_Problem statement_:
Below is a listing; retype exactly the lines between the one containing "nuốt sản phẩm." and the one containing "그중에서도 문서를 작성하면서, 사진", inclusive, minus the pictures.

_Records to process_:
● ● ●

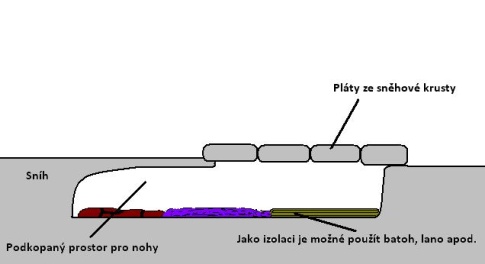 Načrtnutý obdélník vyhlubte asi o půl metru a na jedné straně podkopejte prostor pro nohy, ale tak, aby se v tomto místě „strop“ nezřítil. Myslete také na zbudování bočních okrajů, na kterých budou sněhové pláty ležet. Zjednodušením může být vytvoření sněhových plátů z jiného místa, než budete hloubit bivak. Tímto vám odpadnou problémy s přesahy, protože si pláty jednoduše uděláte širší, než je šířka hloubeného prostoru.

● ● ●

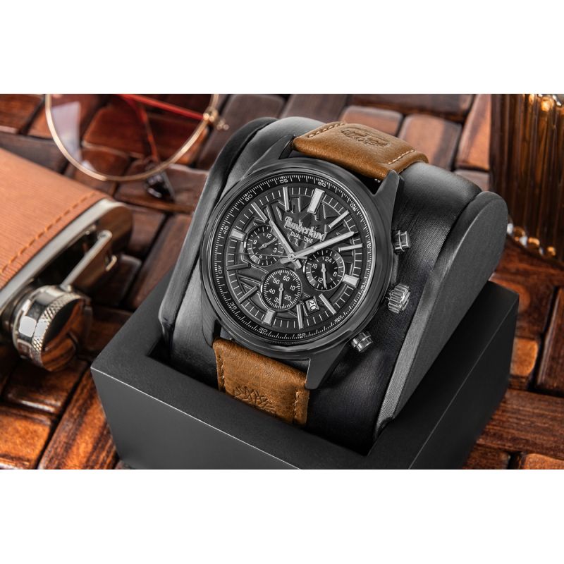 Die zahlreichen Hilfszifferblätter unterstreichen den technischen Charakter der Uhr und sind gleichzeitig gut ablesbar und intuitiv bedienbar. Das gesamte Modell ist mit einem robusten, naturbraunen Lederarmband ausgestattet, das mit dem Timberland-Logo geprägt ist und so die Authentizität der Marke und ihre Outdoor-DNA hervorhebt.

● ● ●

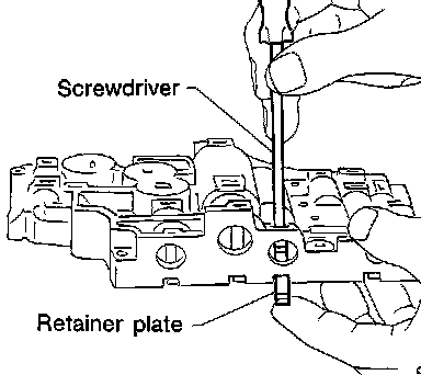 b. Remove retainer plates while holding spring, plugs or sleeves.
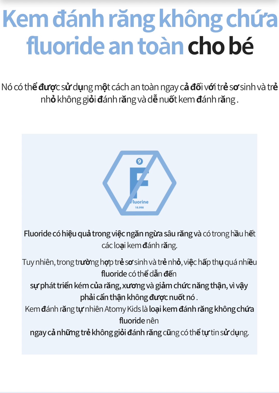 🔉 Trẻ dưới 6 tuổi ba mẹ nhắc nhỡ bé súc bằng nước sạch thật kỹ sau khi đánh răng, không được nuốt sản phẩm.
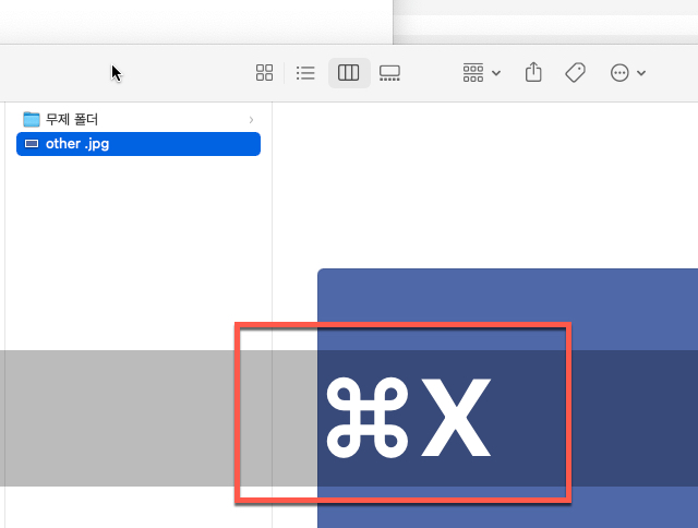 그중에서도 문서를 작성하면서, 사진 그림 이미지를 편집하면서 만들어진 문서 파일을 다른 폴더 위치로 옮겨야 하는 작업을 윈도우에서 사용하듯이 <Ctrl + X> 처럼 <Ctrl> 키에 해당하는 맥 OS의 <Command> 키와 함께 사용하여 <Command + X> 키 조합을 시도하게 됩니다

● ● ●

_Answer to this exercise_:
 🔉 Trẻ dưới 6 tuổi ba mẹ nhắc nhỡ bé súc bằng nước sạch thật kỹ sau khi đánh răng, không được nuốt sản phẩm.
 그중에서도 문서를 작성하면서, 사진 그림 이미지를 편집하면서 만들어진 문서 파일을 다른 폴더 위치로 옮겨야 하는 작업을 윈도우에서 사용하듯이 <Ctrl + X> 처럼 <Ctrl> 키에 해당하는 맥 OS의 <Command> 키와 함께 사용하여 <Command + X> 키 조합을 시도하게 됩니다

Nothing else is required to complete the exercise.